VILSACK TO RECONSIDER SHERROD FIRING…. The full video of Shirley Sherrod’s remarks to the NAACP in March has been posted, and there is no longer any doubt that she’s been treated unfairly. Indeed, far from being offensive, the video is actually quite endearing — we hear from a Southern, African-American woman overcoming division and racial acrimony to do the right thing, learning a valuable lesson about helping families in need.

Fox News pointed to the truncated video as “Exhibit A” of “what racism looks like.” That’s backwards — it’s a heart-warming example of someone rising above racism. Her remarks weren’t offensive; the right-wing scheme to destroy her is.

Andrew Breitbart’s initial claim that the video is “evidence of racism” is the exact opposite of reality. The only way to smear Sherrod is to remove every shred of relevant context, which is exactly what the right-wing Big Government website did. Two days after the edited, misleading clip was pushed onto the national scene, with the intention of destroying Sherrod’s credibility, the video has backfired — destroying the credibility of those who went on the attack.

The NAACP, which initially endorsed Sherrod’s forced resignation on Monday, has since changed its mind. Late yesterday, NAACP President and CEO Benjamin Jealous conceded in a statement that his organization was “snookered by Fox News and Tea Party Activist Andrew Breitbart.”

It’s time for Agriculture Secretary Tom Vilsack to acknowledge he made the same mistake. As of this morning, he’s at least willing to do what he should have done Monday — take a closer look at the facts.
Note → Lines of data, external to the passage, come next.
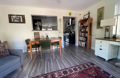 This is an artist's home with unique and friendly works, spacious and relaxing. Back porch with fans, nice yard for bbq and pitfire. Great for work-at-home folks, and makers, with lots of windows, French doors to the backyard, hummingbird feeders, and a natural Arizona landscape that encourages critters like quail, and bunnies. Fox, coyote, and javelina have also been seen in the neighborhood. Gas stove with a lighted hood and great chef's kitchen with full supplies/utensils. TV and fast T-Mobile internet and Google Nest controls for lighting.
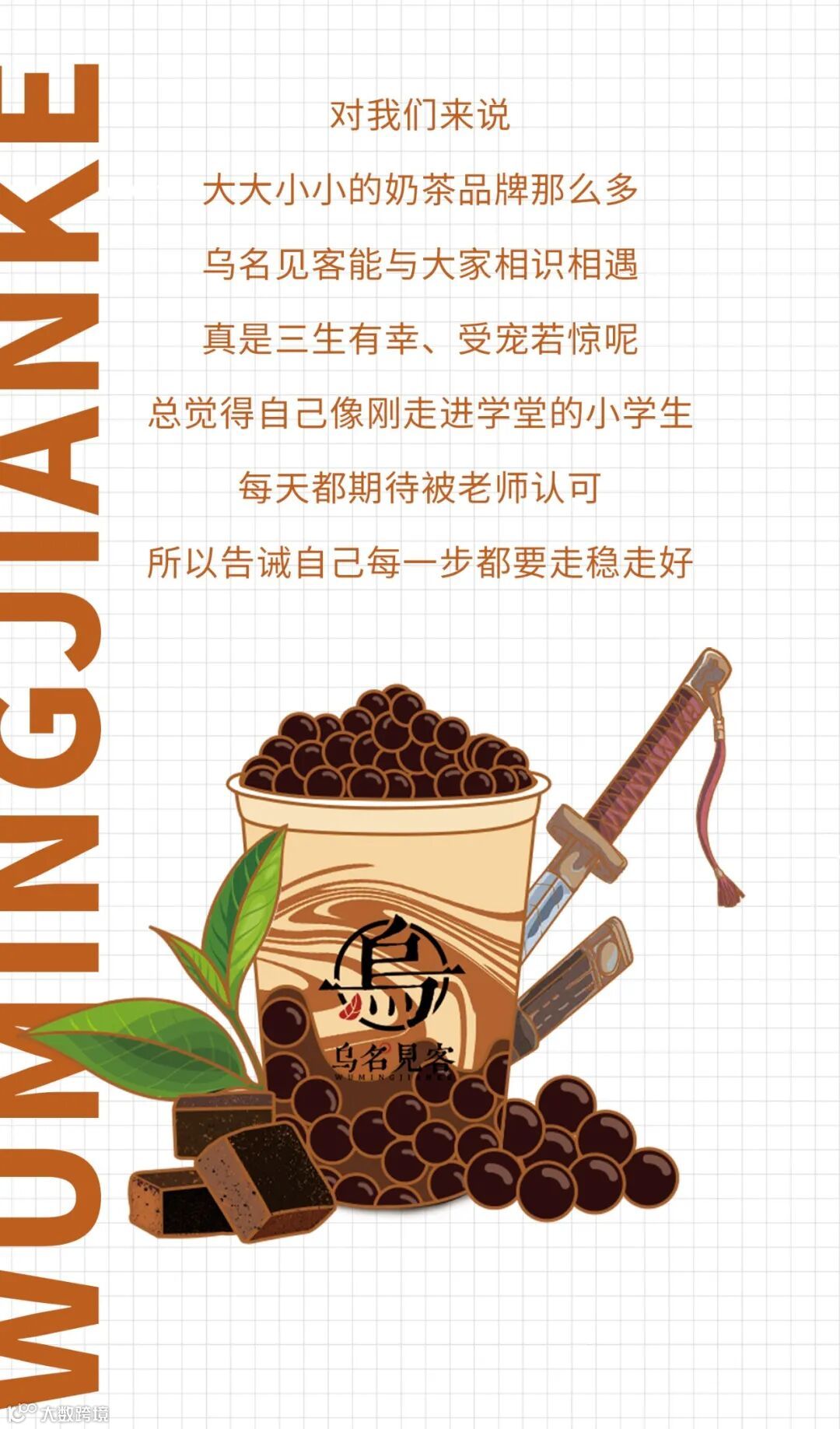 乌名见客是一家以潮流饮品推广、研发、管理为主的连锁茶饮品牌
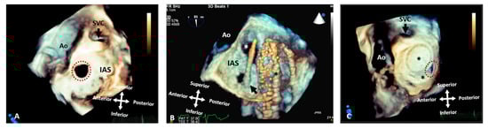 3D TOE provides additional information during elective or pre-procedural imaging of selected patients and has led to advances in interventional procedures. There is an ever-growing group of TOE-guided procedures where 3D echocardiography facilitates both appropriate patient selection and also intra-procedural guidance and decision making. Real-time 3D imaging is recommended for visualization of catheters, delivery systems, and identifying device position, any residual shunt and the relationship of the device to adjacent structures []. Three-dimensional TOE has an established role in ASD device closure, since it can provide a precise delineation of the anatomic defect and investigate its suitability for device closure [] (Figure 6). One study has demonstrated 54% reduction in total fluoroscopic time and 78% radiation reduction in ASD closures using 3D TOE guidance with no associated complications [].
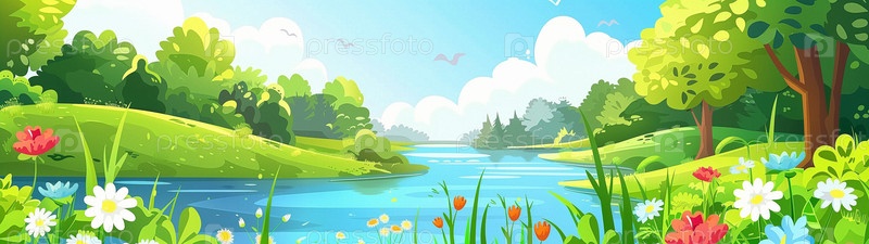 Широкоформатный фон с весенне-летним пейзажем.Пробуждение природы
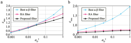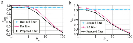 Figure 1 shows the relationship between the design parameter and the RMS index for and 10. From Figure 1a, the proposed filter realizes the best performance for relatively large . This result verifies that the proposed strategy determines gains corresponding to a better covariance matrix of process noise than the RA filter. The proposed filter also achieves better performance compared with the best - filter, including small , and even for , which means that the measurement accuracy of the position and velocity is the same. Furthermore, when the velocity measurement accuracy is high, the proposed filter achieves greater accuracy than the best - filter (Figure 1b). In addition, although the difference between the RA and proposed filters is small for , the proposed filter also achieves the best performance.
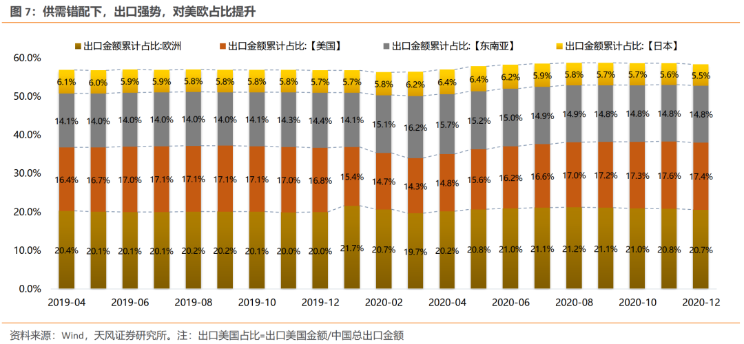 因此,在疫情影响下,海外供需错配,中国出口强劲,对美、欧出口占比均显著提升。

Agriculture Secretary Tom Vilsack said Wednesday he will reconsider the department’s decision to oust a black employee over racially tinged remarks after learning more about what she said.

Vilsack issued a short statement early Wednesday morning…. “I am of course willing and will conduct a thorough review and consider additional facts to ensure to the American people we are providing services in a fair and equitable manner,” Vilsack said.

Look, there’s an obvious path for the secretary to follow here. Vilsack made a mistake when he fell for a right-wing con. It happens. The Agriculture Department has an unfortunate history when it comes to race and discrimination, and in his drive to improve the agency, Vilsack overreacted, not realizing just how deceptive conservative smear campaigns can be.

It’s a forgivable offense — if the secretary puts things right quickly, acknowledges his error, and begs Sherrod to come back to work.